Real-time Fleet Analytics Platform
Built a real-time analytics platform processing millions of IoT events daily, providing instant visibility into fleet operations, predictive maintenance alerts, and automated dispatch optimization.
The Challenge
Delayed data was costing millions in inefficiencies and customer complaints.
- Fleet data from 450 vehicles was processed in nightly batches—drivers didn't see issues until the next day
- A truck breakdown on Monday wasn't flagged until Tuesday's report, by which time three deliveries were missed
- Dispatch decisions were based on gut feel rather than real-time vehicle locations and traffic
- Customers called asking "where's my shipment?" and dispatchers couldn't give accurate answers
- Fuel costs were 18% above industry average due to poor route optimization
- Compliance reporting took a full-time employee three days per month to compile manually
The Solution
We created a real-time operations platform that turns IoT data into instant, actionable intelligence.

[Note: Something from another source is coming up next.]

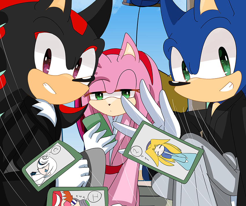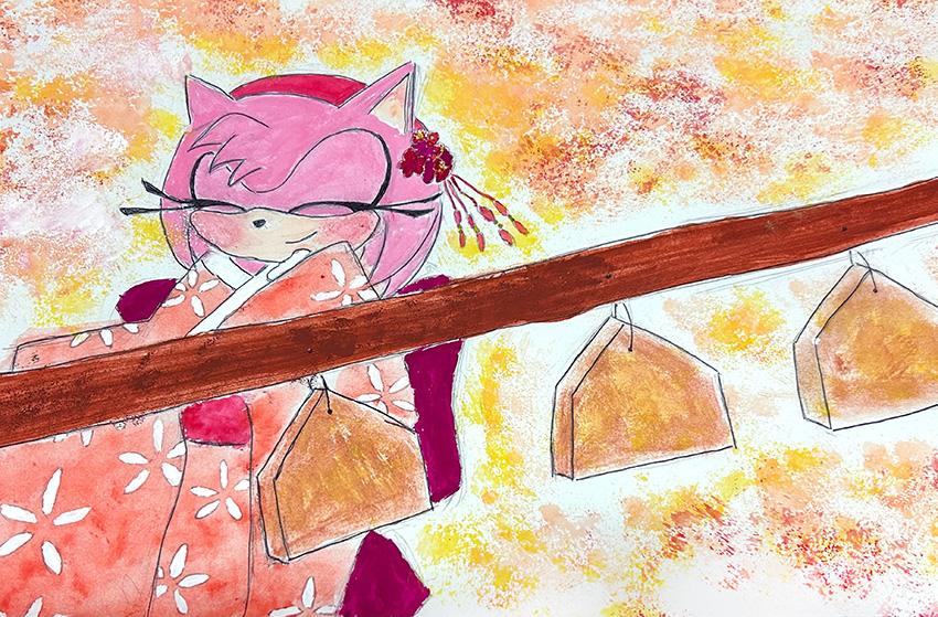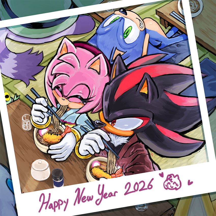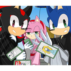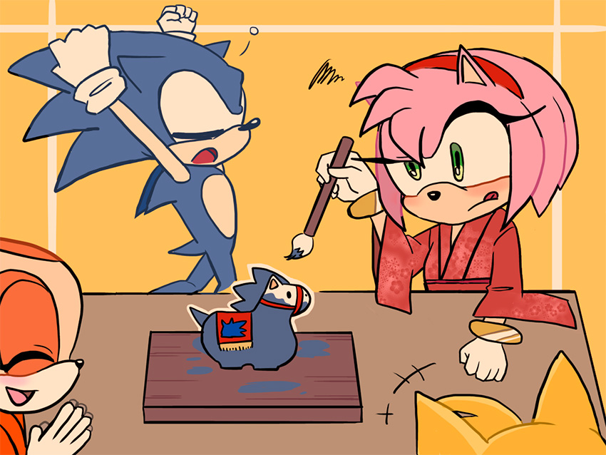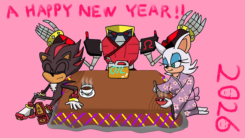 ___お正月だからとご機嫌なクリームはテイルスが作ったおみくじを引いたようです。何が出たのかエミーとルージュは興味津々のご様子。 そんな三人を尻目に、ソニックとシャドウはなにやら羽子板で勝負を始めようとしています___個人的に大好きな女性キャラ三人を描かせていただきました!
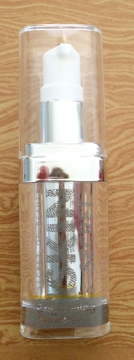 ขวดเป็นขวดทรงกระบอกสี่เหลี่ยม น่าจะเป็นอคริลิกใสคล้ายคริสตัล ข้างในมีกระบอกสีเงินอุ้มผลิตภัณฑ์ข้างในไว้อีกชั้นหนึ่ง

- Stream processing pipeline handling 5M+ events daily with sub-100ms latency using Cloudflare Workers
- Predictive maintenance model analyzing engine diagnostics to flag issues 48 hours before breakdown
- Dynamic route optimization considering real-time traffic, weather, and delivery windows
- Customer-facing tracking portal with accurate ETAs updated every 30 seconds
- Automated compliance reports generated continuously, eliminating month-end crunch
- Mobile app for drivers showing optimized routes and real-time alerts
- Executive dashboard with KPIs, trends, and anomaly detection
Implementation
Week 1-2: Data audit—mapping all IoT sources, formats, and integration points
Week 3-4: Stream processing infrastructure on Cloudflare Workers with D1 for state
Week 5-6: Core analytics engine and real-time dashboard MVP
Week 7-8: Predictive maintenance model training on historical breakdown data
Week 9-10: Route optimization algorithm development and testing
Week 11-12: Driver mobile app and customer tracking portal
Week 13-14: Integration with existing TMS and ERP systems
Week 15-16: Pilot with one region, validation, and full rollout
The Results
The logistics company went from reactive to predictive, cutting costs and delighting customers.
"We used to find out about problems after customers complained. Now we fix issues before drivers even notice. Last month, the system predicted a transmission failure 36 hours early—saved us $15K and a missed delivery. That's the ROI."